START RECORD EXCERPTS

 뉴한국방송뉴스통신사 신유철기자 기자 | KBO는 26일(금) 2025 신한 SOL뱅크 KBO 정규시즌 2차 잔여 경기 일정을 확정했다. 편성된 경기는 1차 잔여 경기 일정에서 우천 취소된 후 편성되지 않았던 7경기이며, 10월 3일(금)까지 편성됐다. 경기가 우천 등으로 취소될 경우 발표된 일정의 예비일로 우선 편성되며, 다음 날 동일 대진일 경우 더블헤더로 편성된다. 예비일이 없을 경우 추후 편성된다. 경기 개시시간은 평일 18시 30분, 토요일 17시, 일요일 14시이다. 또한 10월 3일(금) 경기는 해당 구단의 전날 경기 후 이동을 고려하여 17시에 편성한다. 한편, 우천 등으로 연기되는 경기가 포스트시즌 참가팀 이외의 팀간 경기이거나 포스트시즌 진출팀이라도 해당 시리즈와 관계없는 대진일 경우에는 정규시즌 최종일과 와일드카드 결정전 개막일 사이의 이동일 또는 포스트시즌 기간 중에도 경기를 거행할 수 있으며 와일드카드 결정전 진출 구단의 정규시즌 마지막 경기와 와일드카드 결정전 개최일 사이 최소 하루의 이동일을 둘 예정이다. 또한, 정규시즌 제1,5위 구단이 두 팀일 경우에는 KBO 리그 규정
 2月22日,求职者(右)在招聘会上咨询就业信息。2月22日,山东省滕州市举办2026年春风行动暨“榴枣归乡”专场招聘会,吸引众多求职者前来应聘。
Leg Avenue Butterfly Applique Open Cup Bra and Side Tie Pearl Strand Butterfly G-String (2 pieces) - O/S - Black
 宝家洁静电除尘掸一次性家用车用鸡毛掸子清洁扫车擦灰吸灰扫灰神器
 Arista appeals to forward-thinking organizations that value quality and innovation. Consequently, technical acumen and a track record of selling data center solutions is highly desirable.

END RECORD EXCERPTS
START RECORD EXCERPTS

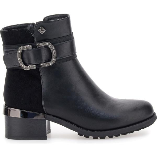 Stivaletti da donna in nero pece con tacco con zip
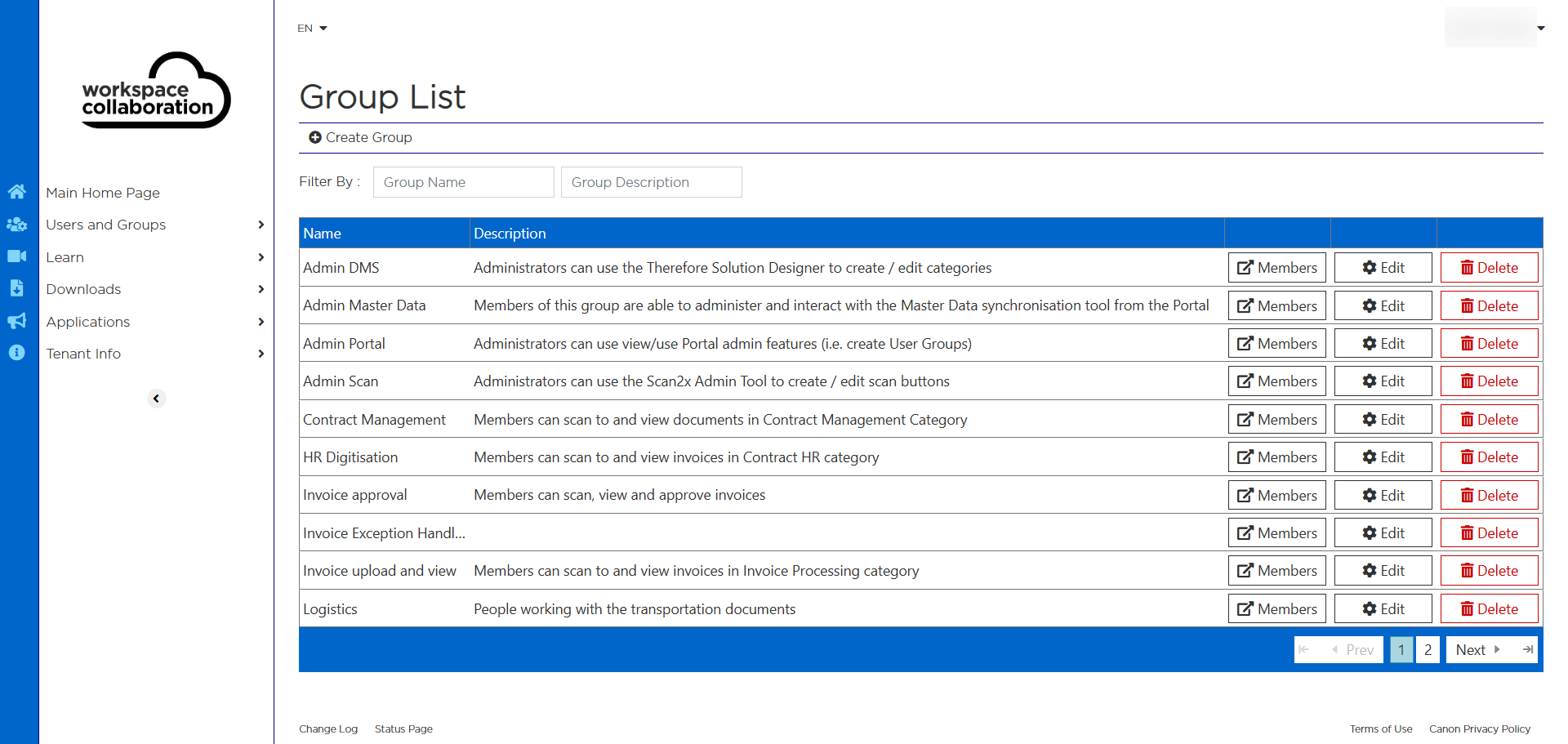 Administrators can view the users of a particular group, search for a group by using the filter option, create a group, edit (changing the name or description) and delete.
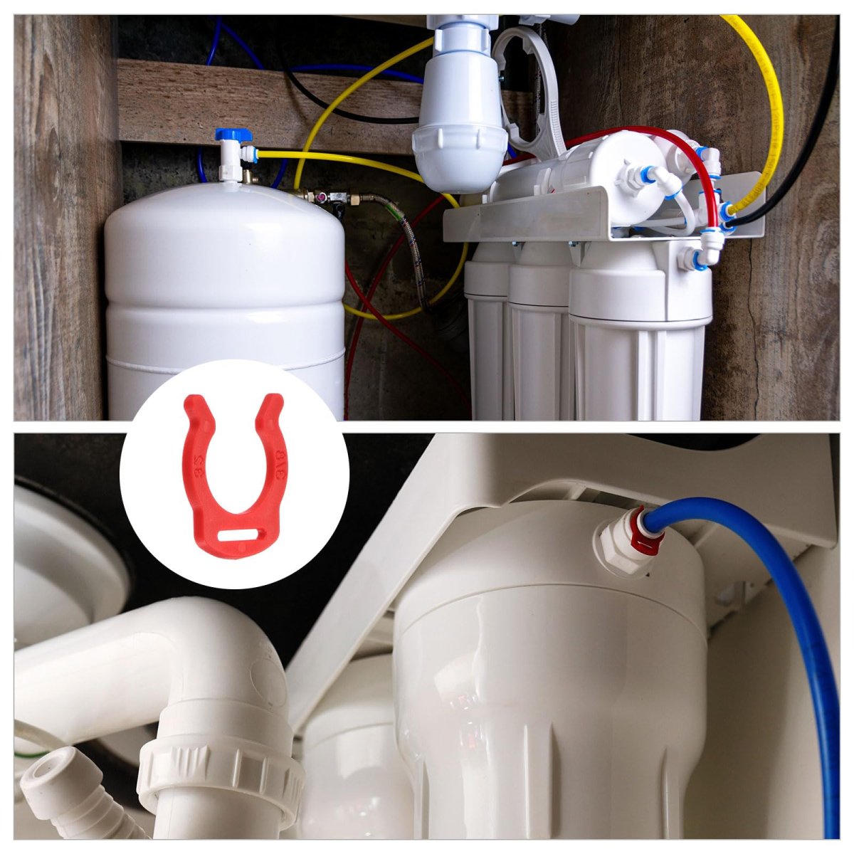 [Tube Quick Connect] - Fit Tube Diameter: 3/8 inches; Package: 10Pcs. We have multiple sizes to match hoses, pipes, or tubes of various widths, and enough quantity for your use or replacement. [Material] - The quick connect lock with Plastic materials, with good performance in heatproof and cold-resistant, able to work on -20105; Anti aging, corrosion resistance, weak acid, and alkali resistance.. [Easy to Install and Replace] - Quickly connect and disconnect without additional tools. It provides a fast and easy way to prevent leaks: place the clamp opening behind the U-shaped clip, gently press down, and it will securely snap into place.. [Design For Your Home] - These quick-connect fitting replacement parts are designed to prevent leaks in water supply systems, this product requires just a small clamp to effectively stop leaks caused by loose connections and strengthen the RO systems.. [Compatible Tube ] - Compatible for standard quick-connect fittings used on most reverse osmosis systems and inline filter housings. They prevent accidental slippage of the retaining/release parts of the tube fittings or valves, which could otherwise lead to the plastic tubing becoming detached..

END RECORD EXCERPTS
START RECORD EXCERPTS

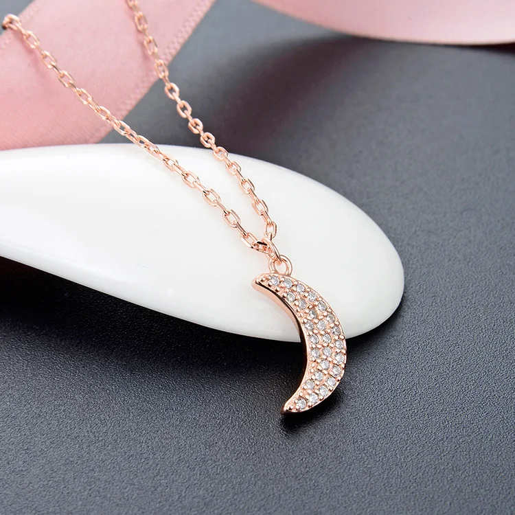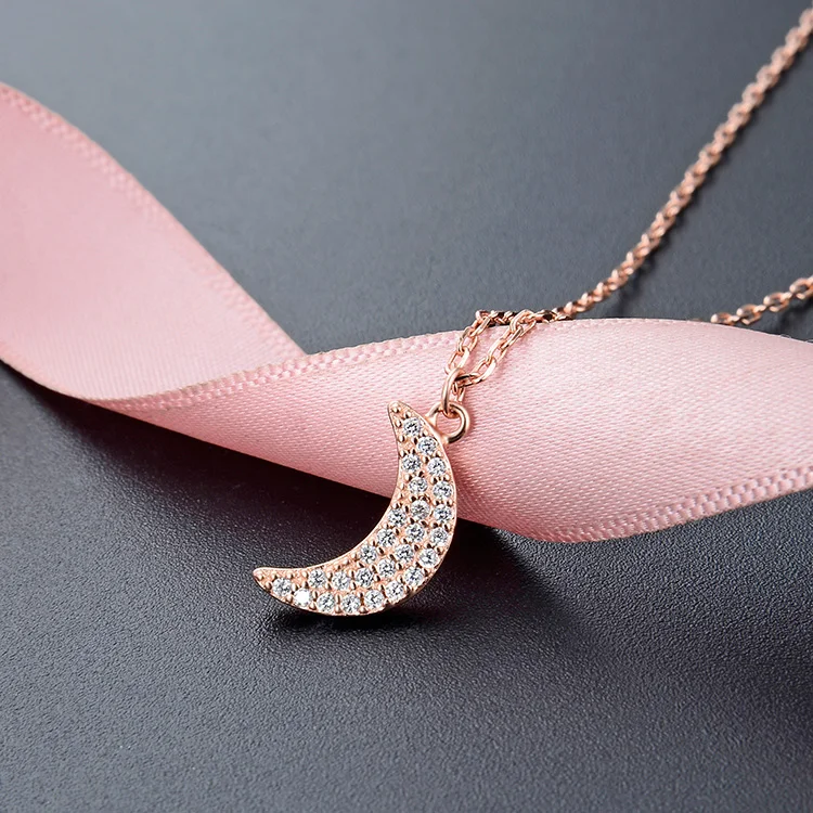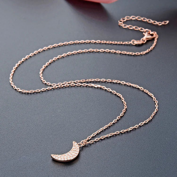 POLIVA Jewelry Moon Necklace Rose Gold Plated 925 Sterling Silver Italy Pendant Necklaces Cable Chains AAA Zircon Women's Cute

END RECORD EXCERPTS

## [BRIEF]
Starting with the line above that holds "뉴한국방송뉴스통신사 신유철기자 기자" and stopping with the line that holds "宝家洁静电除尘掸一次性家用车用鸡毛掸子清洁扫车擦灰吸灰扫灰神器", reproduce each line exactly, omitting all other lines.

## [OUTPUT FOR THIS TASK]
 뉴한국방송뉴스통신사 신유철기자 기자 | KBO는 26일(금) 2025 신한 SOL뱅크 KBO 정규시즌 2차 잔여 경기 일정을 확정했다. 편성된 경기는 1차 잔여 경기 일정에서 우천 취소된 후 편성되지 않았던 7경기이며, 10월 3일(금)까지 편성됐다. 경기가 우천 등으로 취소될 경우 발표된 일정의 예비일로 우선 편성되며, 다음 날 동일 대진일 경우 더블헤더로 편성된다. 예비일이 없을 경우 추후 편성된다. 경기 개시시간은 평일 18시 30분, 토요일 17시, 일요일 14시이다. 또한 10월 3일(금) 경기는 해당 구단의 전날 경기 후 이동을 고려하여 17시에 편성한다. 한편, 우천 등으로 연기되는 경기가 포스트시즌 참가팀 이외의 팀간 경기이거나 포스트시즌 진출팀이라도 해당 시리즈와 관계없는 대진일 경우에는 정규시즌 최종일과 와일드카드 결정전 개막일 사이의 이동일 또는 포스트시즌 기간 중에도 경기를 거행할 수 있으며 와일드카드 결정전 진출 구단의 정규시즌 마지막 경기와 와일드카드 결정전 개최일 사이 최소 하루의 이동일을 둘 예정이다. 또한, 정규시즌 제1,5위 구단이 두 팀일 경우에는 KBO 리그 규정
 2月22日,求职者(右)在招聘会上咨询就业信息。2月22日,山东省滕州市举办2026年春风行动暨“榴枣归乡”专场招聘会,吸引众多求职者前来应聘。
Leg Avenue Butterfly Applique Open Cup Bra and Side Tie Pearl Strand Butterfly G-String (2 pieces) - O/S - Black
 宝家洁静电除尘掸一次性家用车用鸡毛掸子清洁扫车擦灰吸灰扫灰神器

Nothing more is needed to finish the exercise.